Anti Rootkit Blog

F-Secure have reported in their blog today that a rootkit called Haxdoor is being used to retrieve users bank details, passwords, pin codes, etc. It hooks HTTP functionality, redirects traffic, steals private information, and transmits the stolen data to a web-server controlled by the attacker.

The Haxdoor rootkit can grab the information before it is encrypted and sent to the Bank’s website and the computer user is none the wiser of the actions of the rootkit. Haxdoor then sends the information to the attacker.

Keep Safe

regards
Steo
www.antirootkit.com

F-Secure have reported in their blog recently that a German version of the DVD film Mr & Mrs Smith starring Brad Pitt and Angelina Jolie contains copy protection that uses stealth techniques.

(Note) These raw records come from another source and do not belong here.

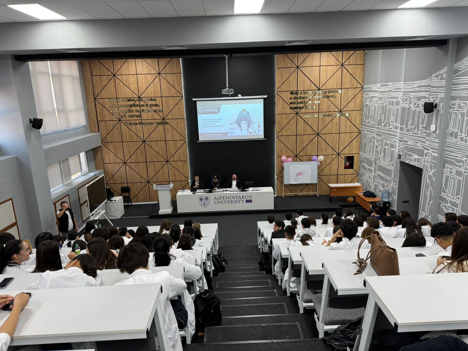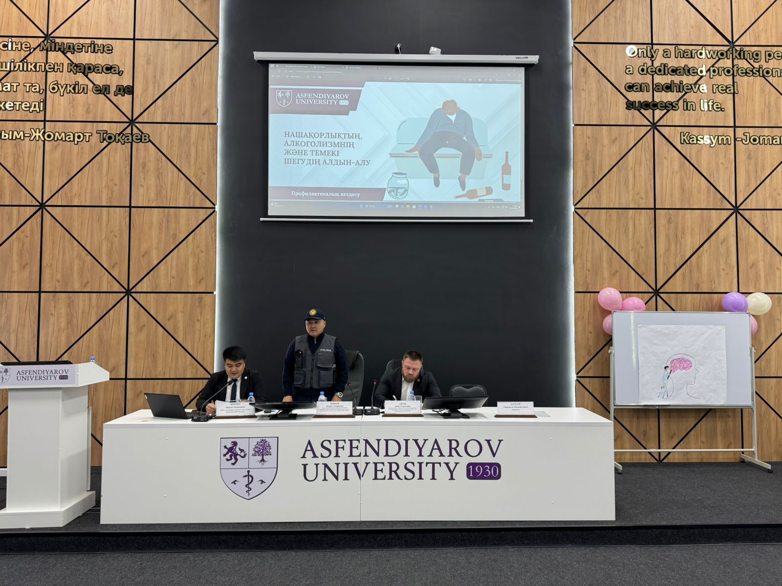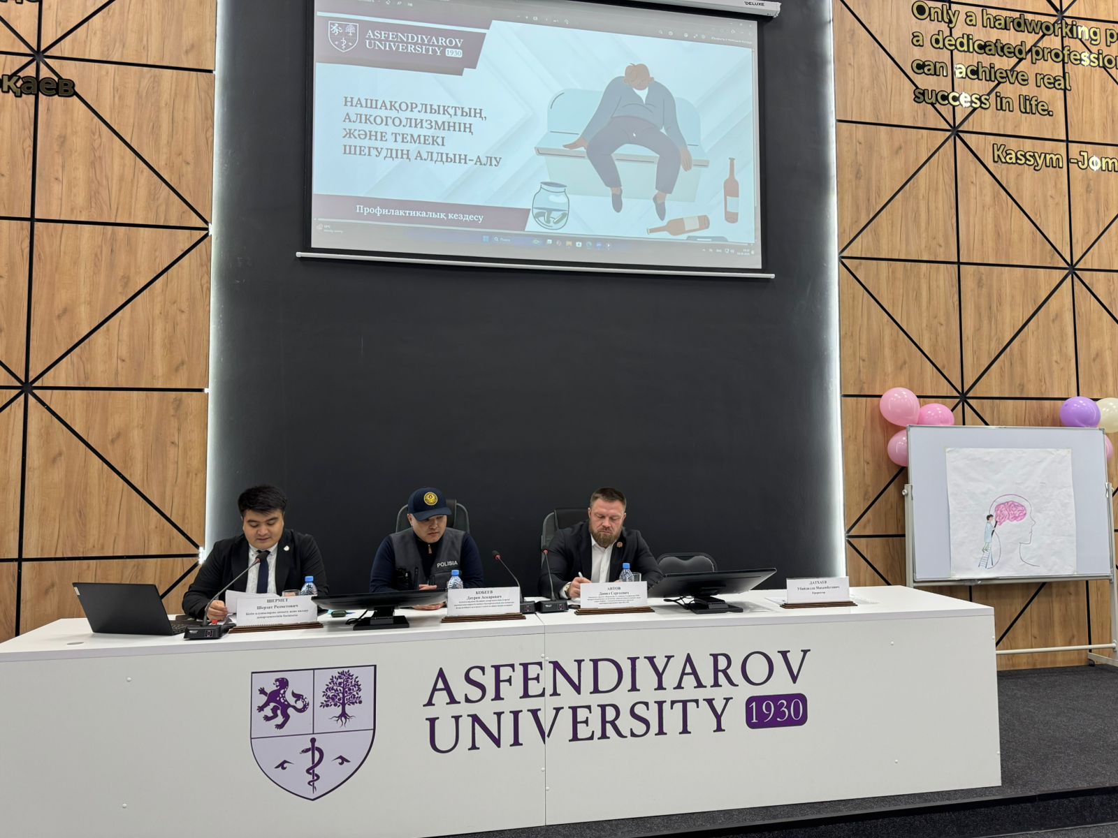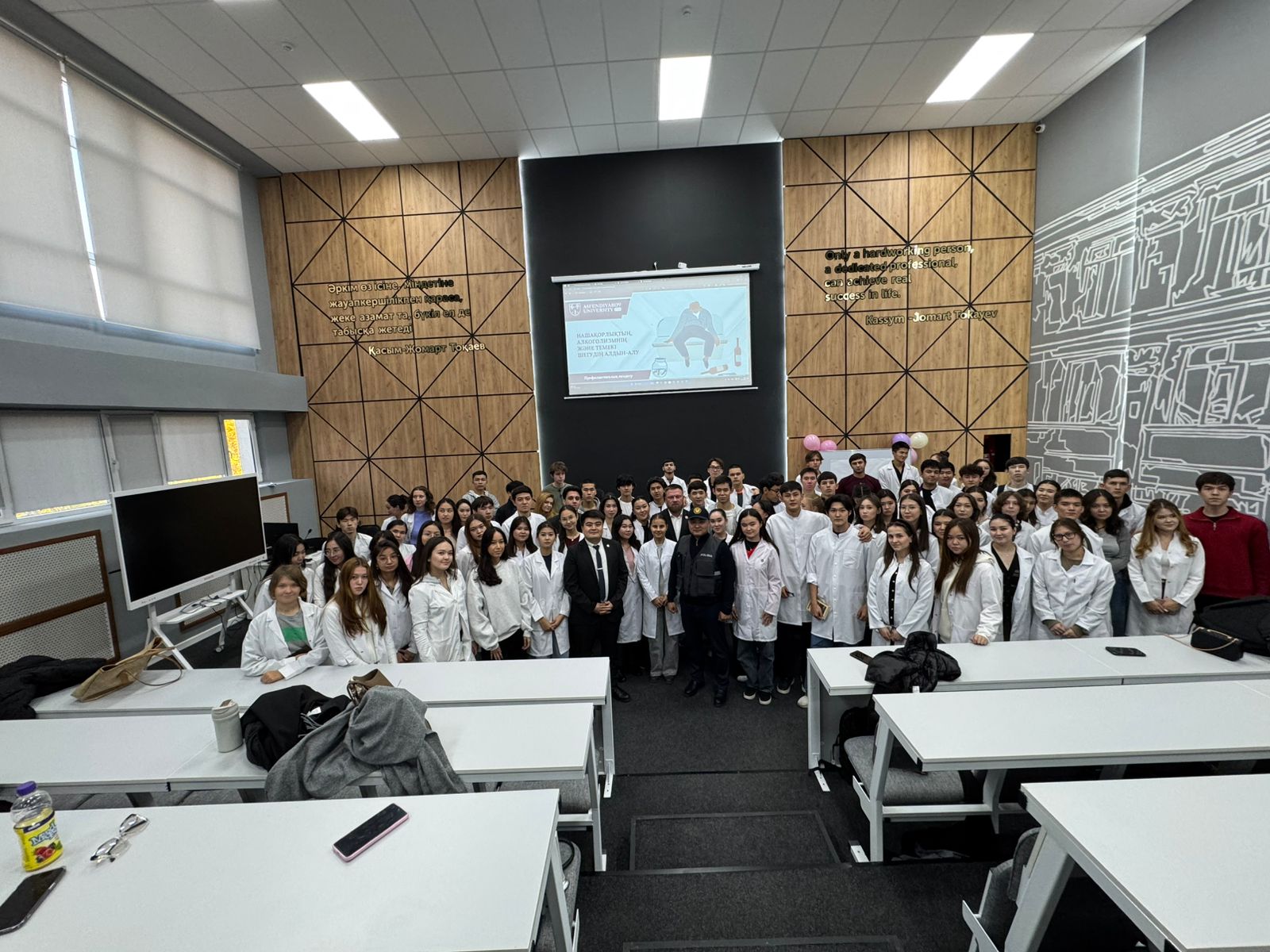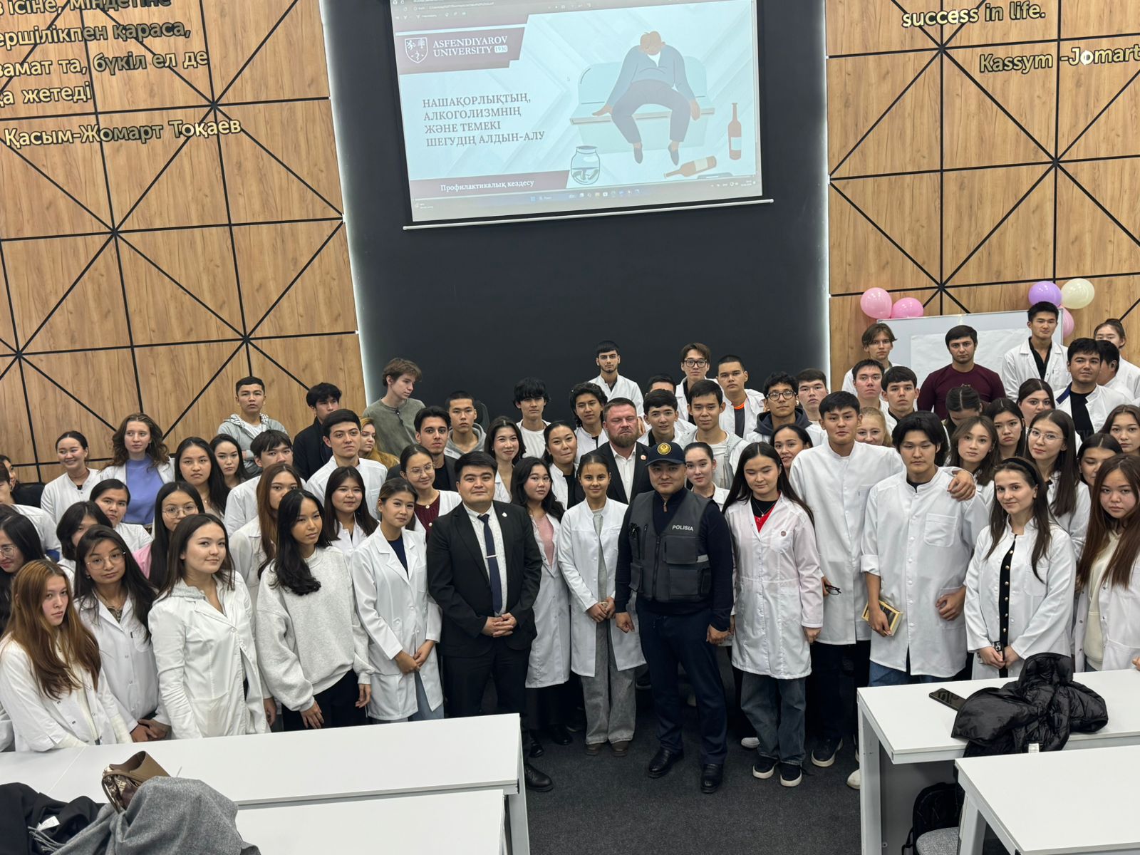 10 октября 2025 года в 15:00 в 7-м учебном корпусе, аудитории №7, состоялась профилактическая встреча на тему «Нашақорлықтың, алкоголизмнің және темекі шегудің алдын алу», организованная с целью предупреждения вредных привычек среди молодежи.
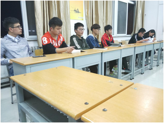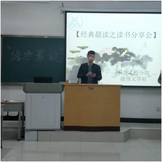信息工程分院凌顶文学社于2017年11月8日晚在北校区举办了一场围绕“经典晨读”为主题的读书分享交流会。分享会由文学社社长主持,首先他分享了柴静的《看见》讲述自己的感想,并请在座的同学们点评,随后文学社14个同学依次登台,推荐书目、分享阅读、交流经验、畅谈体会。同学们结合自身读书经验做了深入的交流,最后,由副社长总结致辞,为读书分享会画上了圆满的句号。
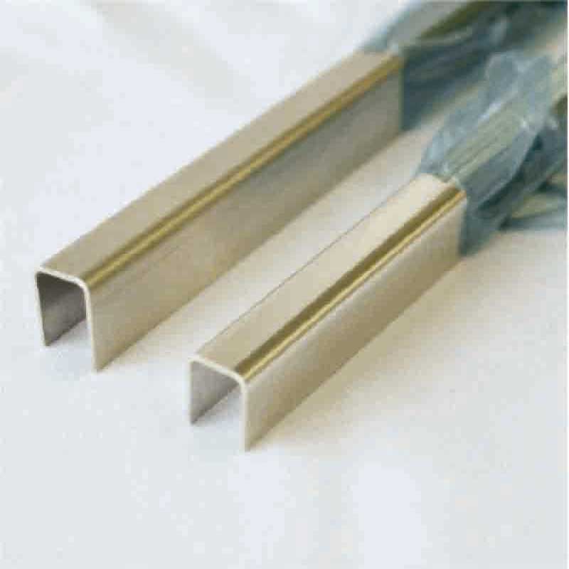 Perfil U em aço inox 304 p/ vidros de 10mm (barra com 3 metros)

The DVD uses copy protection from Settec called Alpha-DVD which stops users from copying the DVD. Settec have made an uninstaller available. The F-Secure blog shows how Blacklight found a file called wtsap32.exe which was a hidden service. No files were been hidden which makes the rootkit a bit less dangerous. If it was able to hide files it could then have been used by criminals to hide their own files using the rootkit.

It is amazing to see companies still using techniques like this, especially after the Sony rootkit debacle that hurt their customer base and was a public relations nightmare.

The German edition of the DVD seems to be the only one affected.

Keep Safe

regards
Steo
www.antirootkit.com

The US Department of Homeland Security has that the use of rootkit’s with commercial software will have to stop or else it will be regulated by the government. He spoke in particular about the Sony rootkit debacle which shows the extent to which the fiasco has had on consumers and worldwide attention.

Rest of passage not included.